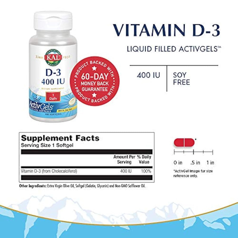 Kal D-3 400 IU cápsulas blandas, 100 unidades
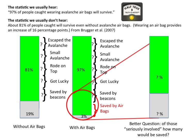 So…here I will try to explain where these various numbers come from and provide what I think is a more useful—and less misleading—sound bite when we talk about the effectiveness of avalanche airbags.
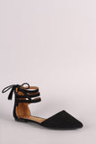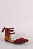 This lovely  flat  features a pointy toe silhouette, triple ankle straps with side lace-up detail, open shank, lightly cushioned insole, and rear zipper closure for easy on/off.

What is needed. Copy the listing above exactly, minus the pictures.

Answer to the exercise.
 Kal D-3 400 IU cápsulas blandas, 100 unidades
 So…here I will try to explain where these various numbers come from and provide what I think is a more useful—and less misleading—sound bite when we talk about the effectiveness of avalanche airbags.
 This lovely  flat  features a pointy toe silhouette, triple ankle straps with side lace-up detail, open shank, lightly cushioned insole, and rear zipper closure for easy on/off.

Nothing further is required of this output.